Biyolojik kristal:Dişler
Önümüzde duran tabaktaki lezzetli bir salatayı veya meyveyi nasıl parçalanacağını ve öğütüleceğini hiç düşünmeden yeriz. Çünkü lokmaları ağzımıza attığımız an bunları öğüten ve küçük parçalara ayırarak kolayca yutmamızı sağlayan dişlerimiz var. Üstelik bu yiyecekler ne kadar sert olursa olsun dişlerimiz o kadar sağlamdırlar ki hiçbir zaman yemekleri çiğnerken onların kırılacaklarını düşünmeyiz. Oldukça sert yiyecekleri, hatta sert kabuklu meyveleri bile dişlerimizin yardımıyla kolayca parçalayabiliriz.

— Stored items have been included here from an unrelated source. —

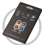
IR Remote Control Included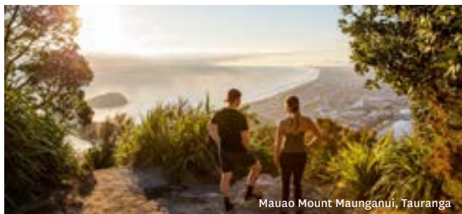
Mauao Mount Maunganui, Tauranga

Take a boat cruise to Moutohorā Island , an island sanctuary for rare and native bird species. Swim at secluded Onepū Sulphur Bay or dig your own hot water pool, naturally fed from the hot water spring beneath the golden sand beach. Paddleboard or kayak to breathtaking Whenuakura Island and marvel at the impossibly clear azure waters of this hidden local gem.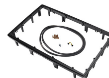
1490PF Special Application Panel Frame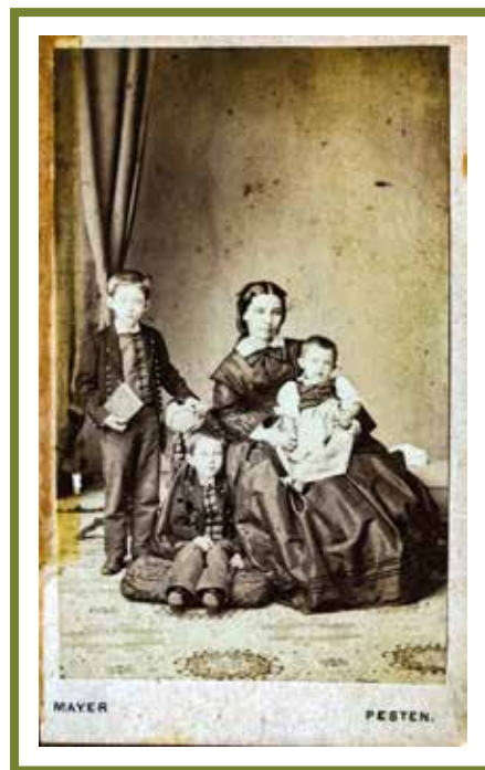
Mrs. Árpád Horvát, née Júlia Szendrey and her children (photograph)

patonai.agnes.at.oszk.hu, szuts-novak.rita.at.oszk.hu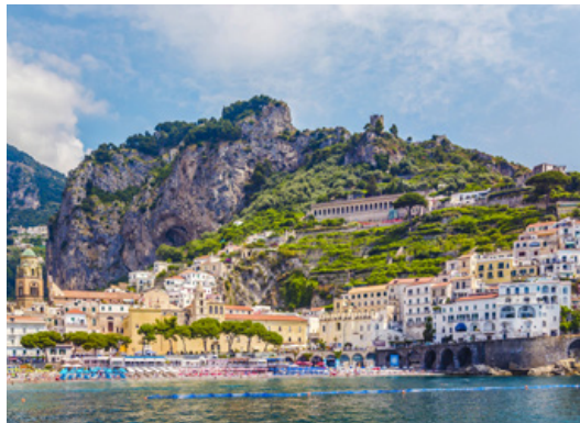
Sorrento, Amalfi Coast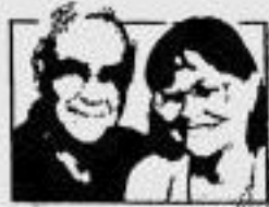
HOLLIDAY & FISCHER

● Swiss Army Knife. You can never go wrong with a compact multi-function knife that incorporates a bottle opener and corkscrew. One that really caught our eye has 34 different tools ... and at one time or another, we could have used each of them. To fix our eyeglasses, adjust our brakes, cut fingernails, or whatever. The Swiss Army Multi Tool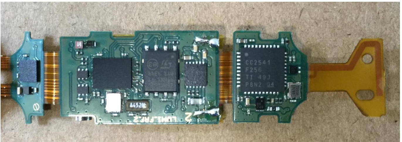
Figure 8. PWB component placement.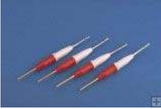
Pin and Socket Insertion/Extraction Tool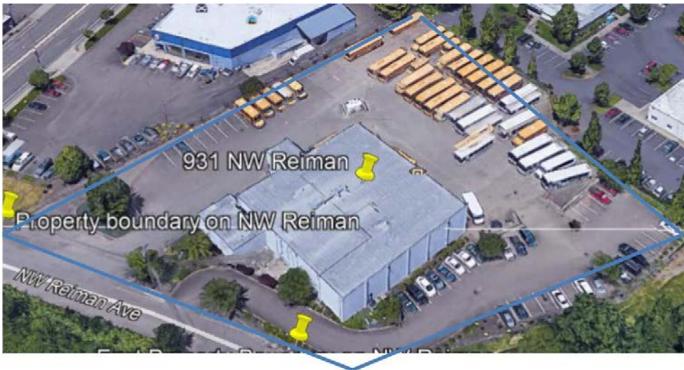
Benton Center North – 931 NW Reiman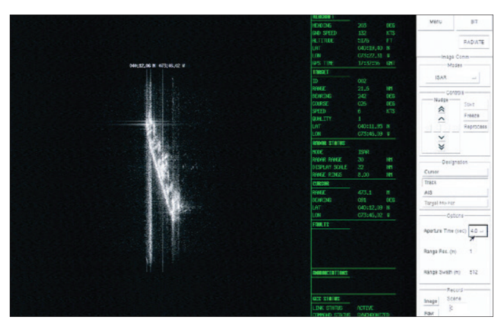
RDR-1700B ISAR image.

With a solid-state transmitter, the radar system provides higher power output and reliability at a small fraction of the cost of competing technologies. On the RDR-1700B model our solid-state transmitter offers markedly lower weight and higher power conversion efficiency over other technologies. As a result, the systems require less than 1 kw of electrical power from the platform.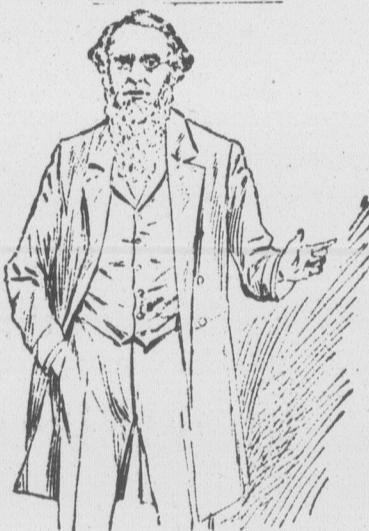
DR. A. W. CHASE LECTURING AT ANN ARBOR, MICH.

The commissioner of agriculture received advices today of the sale of trial shipments on Ontario fattened poultry sent from St. John to Liverpool about a month ago. The birds met a ready sale in Liverpool at 16 cents per pound, wholesale. The chickens were sent plucked but not drawn, and weighed an average of 5 1-2 pounds each. The wholesale price therefore was equal to $1.76 per pair. The chickens when put up to fatten were worth 50 cents per pair. The food consumed per pair during the fattening cost 31 cents, making a total cost of 81 cents per pair, without allowing anything for the labor of attending them. The packing cases cost at the rate of three cents per pair, and the transportation and selling charges would cost, in the usual course of business for such chickens, not more than 22 cents per pair, a total of $1.06, leaving 70 cents per pair for the labor and profit.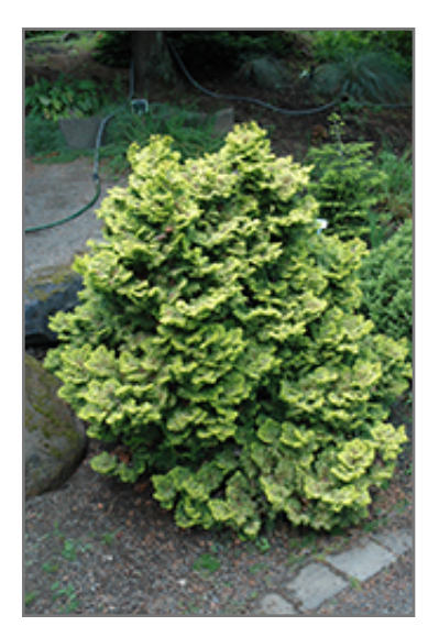
Lynn's Golden Dwarf Hinoki Falsecypress

Lynn's Golden Dwarf Hinoki Falsecypress is a dwarf conifer which is primarily valued in the landscape or garden for its distinctively pyramidal habit of growth. It has attractive gold evergreen foliage. The scale-like sprays of foliage are highly ornamental and remain gold throughout the winter.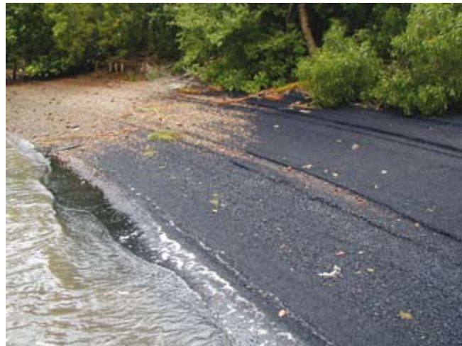
▲ Figure 14: Black vegetable matter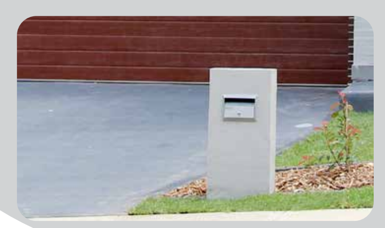
Letterbox and Clothesline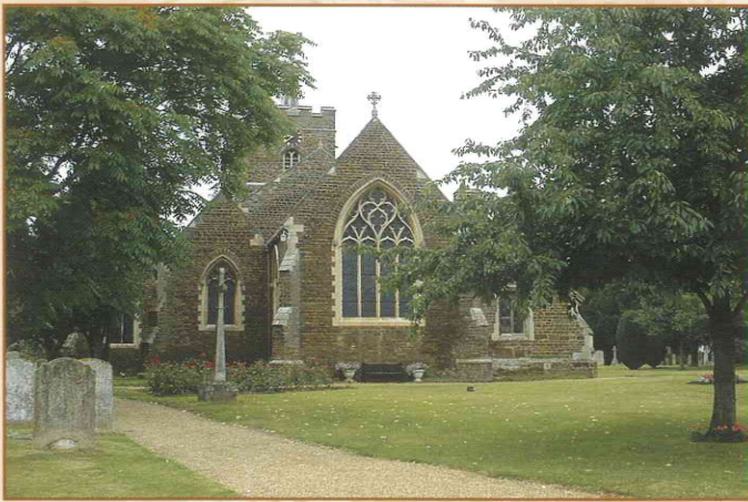
The churchyard forms a break in the street frontage. When seen from a distance, the pollarded limes continue the line of the street.

The character of Sandy Conservation Area is partly defined by its setting: areas outside the conservation area but having a direct impact on it. These include the semi-natural environment of the river and meadows; the sandhills forming an elevated back drop to the town; and the industrial backland of the former Jordans Yard and its outbuildings.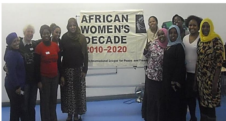
VOAW Training for Trainers Day: training against gender based violence November 30th, during the 16 days of Action against Gender Violence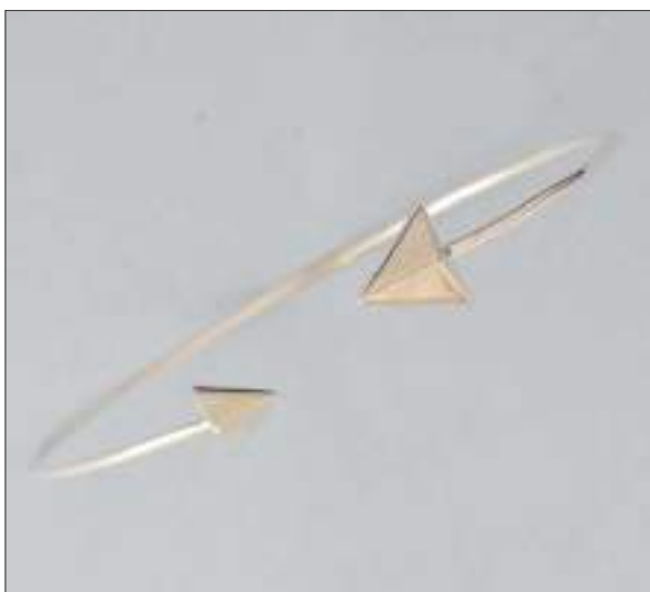
JBN110806D62MSL WT: 3.6 gm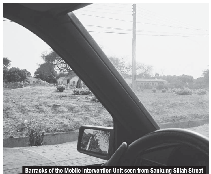
Barracks of the Mobile Intervention Unit seen from Sankung Sillah Street

2. Reporters Without Borders furthermore reiterates its appeal to the African Union to publicly condemn Hydera's murder and to demand a serious investigation from the Gambian authorities, whose capital is the seat of the African Commission on Human and Peoples' Rights (ACHPR).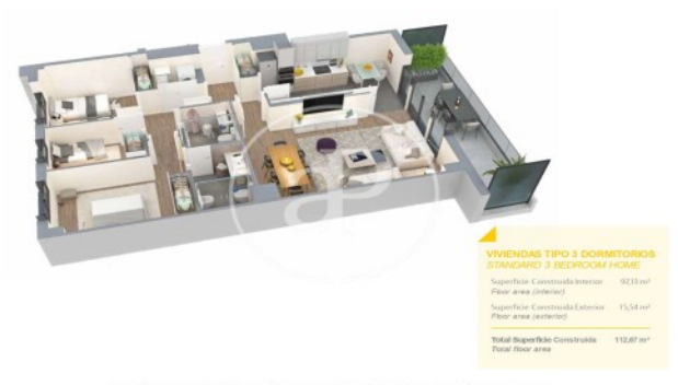
*Plano informative, susceptible de ver modificado por necesidades técnicas o de arquitectura. Superficies orientatives. *This floor plan is for illustrative purposes only and may be subject to change for technical or architectural reasons. Floor areas are for guidance only.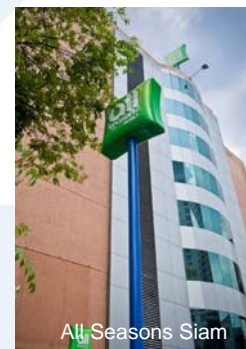
All Seasons Siam

CONDITIONS: Valid for Sale until: 15Aug10. Prices are per person based on 2 adults sharing the cost of accommodation. ^ Saving calculation of 25% per person is the max saving based on Year Round THAI "W" class airfare, 16Jul-16Sep10. *Room credit offer is credited to room account and can be used for all services in the hotel. The credit can not be used against your room rate and is not redeemable for cash. Surcharges apply for travel outside of the above dates. Ticketing conditions apply. Book TG Intl "W" class, Dom. 'H' class. Taxes and prices are correct as at 28Jun10, subject to change without notice & subject to availability. Taxes are based on the most direct routing & will vary depending on routing booked. Extra nights may be required due to flight schedules and are at the passengers own expense. Prices do not include taxes or charges collected directly by third parties. Please note a surcharge may be imposed on credit card transactions. Conditions apply & subject to availability. For current information on travelling overseas and official Government travel advisories visit www.smarttraveller.gov.au Travel agent service fees may apply and vary by agency. Please ask at time of enquiry.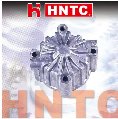
CASE, H/L T/M 高低檔控制缸殼 ZF-16S151 LSH1K 1315-334-052 ZF-161S151 1315-334-056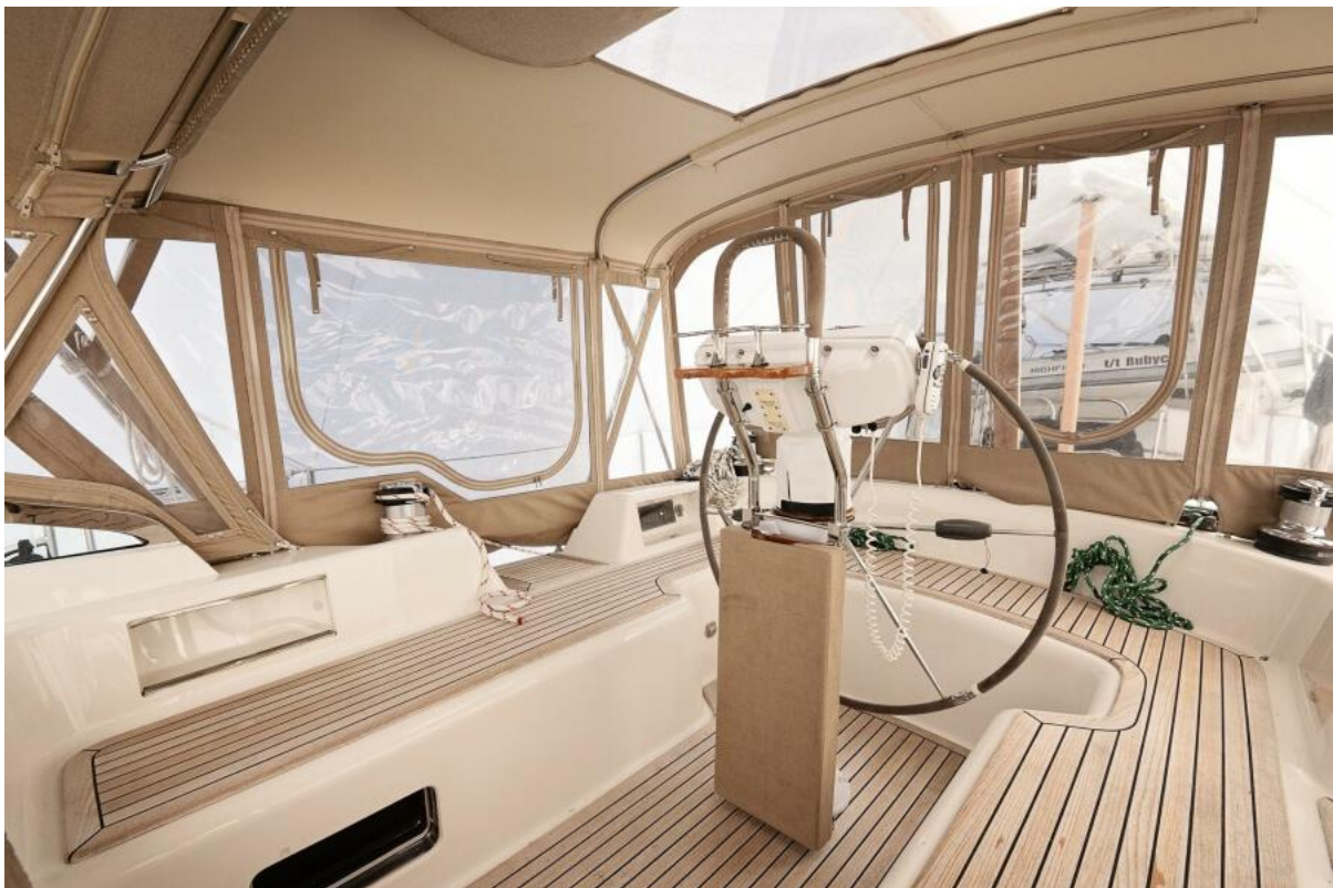
Passport Vista 515 For Sale020

Dişler düzenli ve iyi bir bakımla hayat boyu sağlam kalabilir. Sağlam olmalarının yanında işlevsel ve estetik özelliklere de sahip olan dişler, işlevlerine uygun bir dizilime sahiptirler; lokmayı ısırma ve koparmaya yönelik olarak ilk görevi üstlenen ön dişler, ağza alınan parçayı yutabilecek kadar küçük parçalara ayırmaya veya ezmeye yarayan küçük azı ve büyük azı dişleri… Ayrıca üstteki dişler ile alttaki dişler tam olarak birbirine uyumlu bir oturuşa sahiptir. Dişlerin bu şekilde düzgün bir biçimde oturmaması durumunda ise, lokmaları çiğneyip ezmemiz, pek kolay olmazdı. Dişlerin bu uygun ve sindirime uyumlu sıralanışı sayesinde ağzımız yüksek teknolojili öğütme araçları ile donatılmış gibidir.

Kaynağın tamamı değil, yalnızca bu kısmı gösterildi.